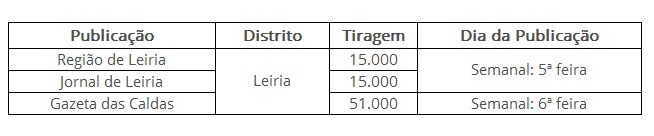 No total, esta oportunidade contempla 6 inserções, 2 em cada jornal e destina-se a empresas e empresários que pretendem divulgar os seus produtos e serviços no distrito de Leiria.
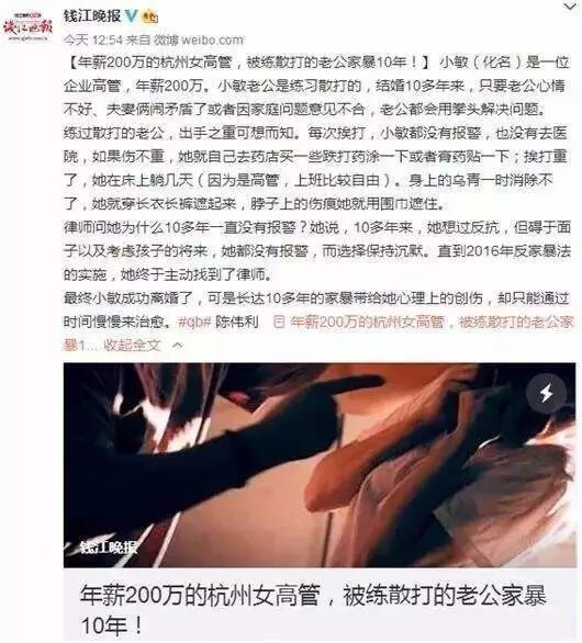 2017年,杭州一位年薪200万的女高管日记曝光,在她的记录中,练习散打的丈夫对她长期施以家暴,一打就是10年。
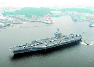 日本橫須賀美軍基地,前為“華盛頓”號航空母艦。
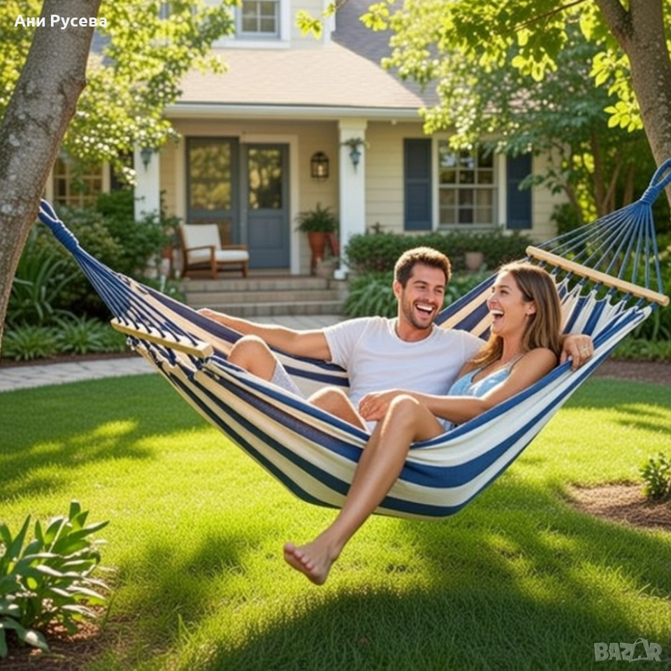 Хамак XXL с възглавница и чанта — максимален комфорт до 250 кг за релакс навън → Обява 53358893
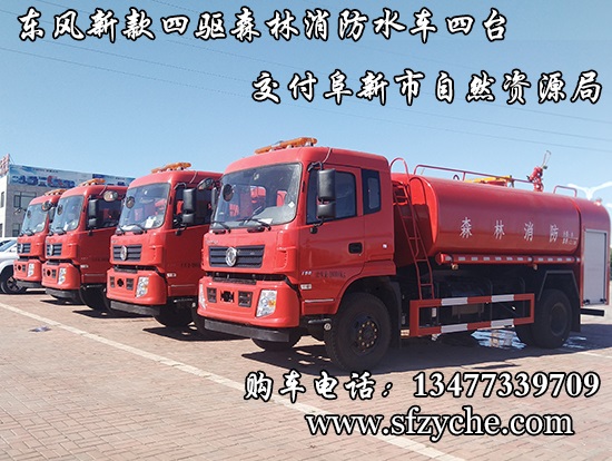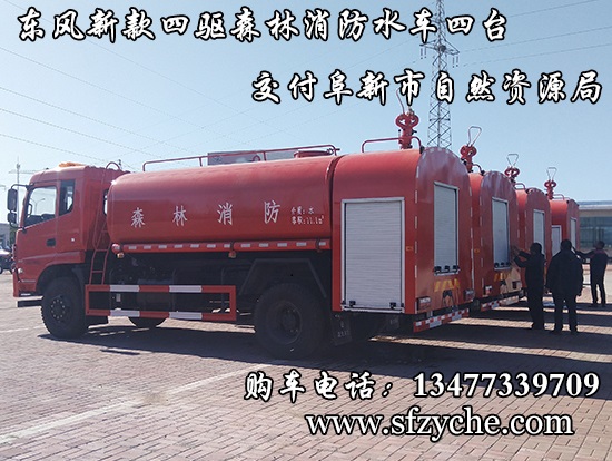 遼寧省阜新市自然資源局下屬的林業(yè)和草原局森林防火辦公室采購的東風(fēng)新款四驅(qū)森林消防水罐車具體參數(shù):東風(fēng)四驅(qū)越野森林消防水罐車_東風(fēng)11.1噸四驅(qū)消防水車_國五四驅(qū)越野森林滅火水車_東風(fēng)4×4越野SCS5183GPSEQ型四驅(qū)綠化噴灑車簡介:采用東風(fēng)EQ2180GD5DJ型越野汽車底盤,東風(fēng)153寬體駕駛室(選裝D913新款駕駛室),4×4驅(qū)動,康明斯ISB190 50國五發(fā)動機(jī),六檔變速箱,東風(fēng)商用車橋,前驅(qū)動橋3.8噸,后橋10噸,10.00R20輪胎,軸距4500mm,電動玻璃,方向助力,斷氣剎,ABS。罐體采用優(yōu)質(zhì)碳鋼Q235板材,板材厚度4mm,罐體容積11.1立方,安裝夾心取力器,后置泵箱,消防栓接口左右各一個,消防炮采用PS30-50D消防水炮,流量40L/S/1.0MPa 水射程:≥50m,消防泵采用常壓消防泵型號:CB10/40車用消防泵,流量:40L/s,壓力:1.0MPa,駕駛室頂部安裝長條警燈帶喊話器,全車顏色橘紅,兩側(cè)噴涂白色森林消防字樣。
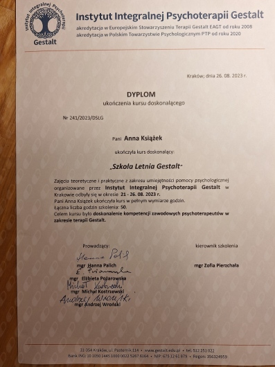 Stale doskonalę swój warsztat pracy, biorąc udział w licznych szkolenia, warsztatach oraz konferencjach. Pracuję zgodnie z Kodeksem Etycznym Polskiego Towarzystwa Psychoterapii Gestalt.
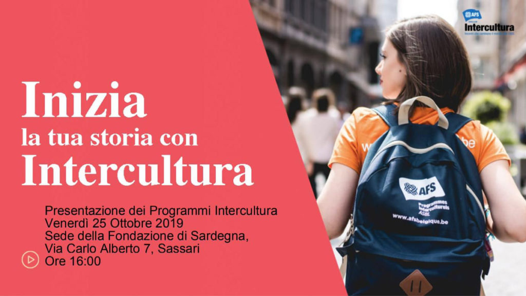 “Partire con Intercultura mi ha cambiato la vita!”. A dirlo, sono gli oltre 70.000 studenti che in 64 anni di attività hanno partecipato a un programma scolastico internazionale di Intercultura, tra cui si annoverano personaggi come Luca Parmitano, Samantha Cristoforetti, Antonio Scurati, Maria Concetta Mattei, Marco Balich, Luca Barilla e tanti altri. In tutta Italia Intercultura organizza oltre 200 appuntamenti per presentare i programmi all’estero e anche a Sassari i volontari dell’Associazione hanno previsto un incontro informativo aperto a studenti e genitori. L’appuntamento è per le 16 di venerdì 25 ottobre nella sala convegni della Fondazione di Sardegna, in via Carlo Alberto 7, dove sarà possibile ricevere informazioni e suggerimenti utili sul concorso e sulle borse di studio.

===============

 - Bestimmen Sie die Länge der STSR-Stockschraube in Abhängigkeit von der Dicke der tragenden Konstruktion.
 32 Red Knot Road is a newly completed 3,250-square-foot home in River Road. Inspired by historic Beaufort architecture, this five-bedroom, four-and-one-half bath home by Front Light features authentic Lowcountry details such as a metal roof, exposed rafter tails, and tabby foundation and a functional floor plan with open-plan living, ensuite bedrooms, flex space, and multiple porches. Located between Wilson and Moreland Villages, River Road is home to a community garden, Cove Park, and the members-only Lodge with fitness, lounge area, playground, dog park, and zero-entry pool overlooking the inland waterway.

===============

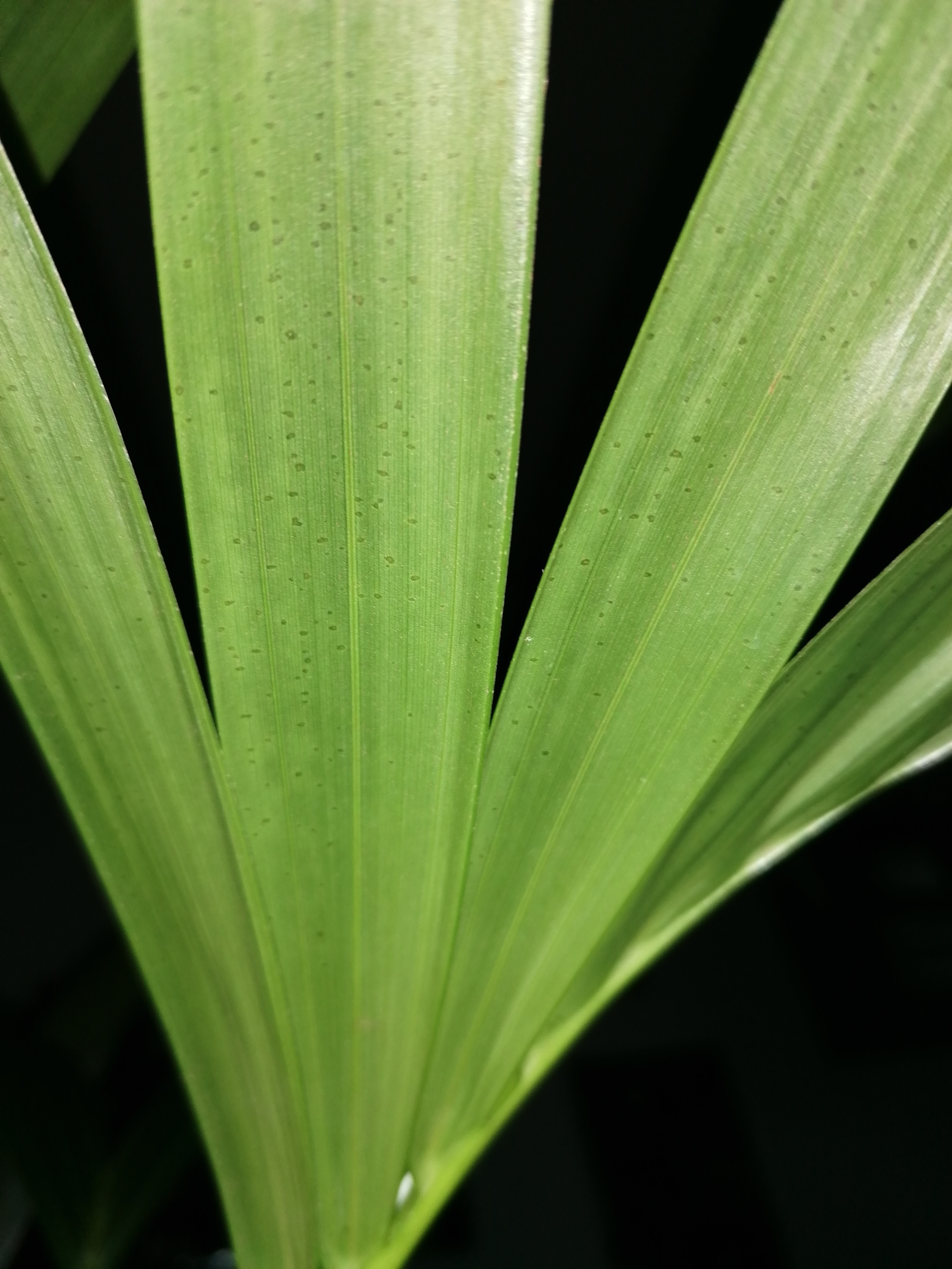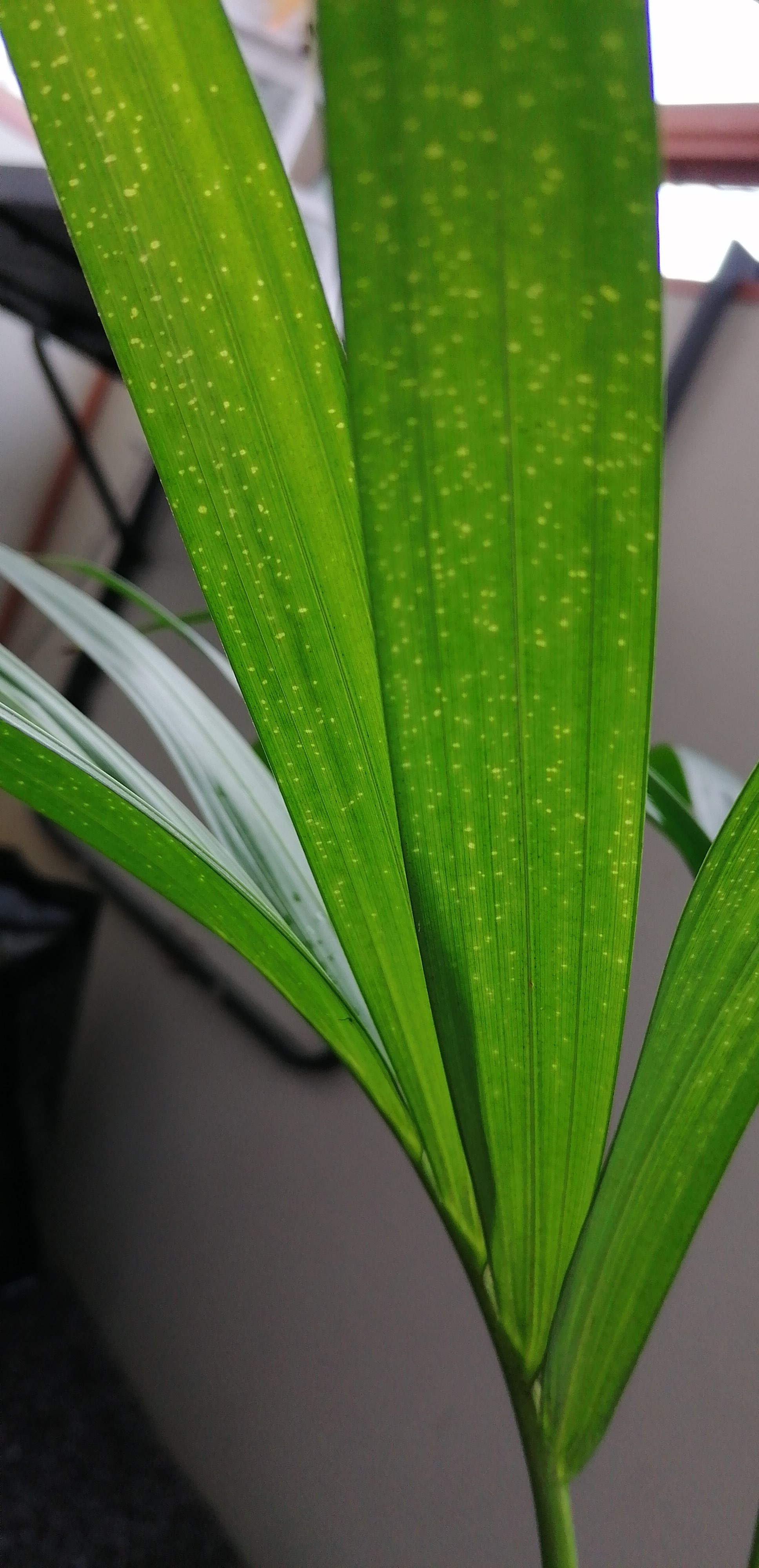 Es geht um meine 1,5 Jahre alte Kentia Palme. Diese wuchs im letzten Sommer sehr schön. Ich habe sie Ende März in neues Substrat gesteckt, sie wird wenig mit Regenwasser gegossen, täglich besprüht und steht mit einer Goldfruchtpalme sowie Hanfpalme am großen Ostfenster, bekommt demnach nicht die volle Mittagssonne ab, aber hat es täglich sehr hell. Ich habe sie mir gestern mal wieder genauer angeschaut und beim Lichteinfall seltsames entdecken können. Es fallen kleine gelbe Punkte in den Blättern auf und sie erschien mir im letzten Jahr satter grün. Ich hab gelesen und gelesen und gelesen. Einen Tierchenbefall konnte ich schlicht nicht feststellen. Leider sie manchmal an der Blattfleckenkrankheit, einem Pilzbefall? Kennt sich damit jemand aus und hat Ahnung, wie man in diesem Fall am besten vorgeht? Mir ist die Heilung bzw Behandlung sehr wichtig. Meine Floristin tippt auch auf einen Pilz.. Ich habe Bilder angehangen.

===============

Brief.
Print exactly, with no pictures, the lines above from the one that holds "No total, esta" through the one that holds "Хамак XXL с", both of them included.

Reply.
 No total, esta oportunidade contempla 6 inserções, 2 em cada jornal e destina-se a empresas e empresários que pretendem divulgar os seus produtos e serviços no distrito de Leiria.
 2017年,杭州一位年薪200万的女高管日记曝光,在她的记录中,练习散打的丈夫对她长期施以家暴,一打就是10年。
 日本橫須賀美軍基地,前為“華盛頓”號航空母艦。
 Хамак XXL с възглавница и чанта — максимален комфорт до 250 кг за релакс навън → Обява 53358893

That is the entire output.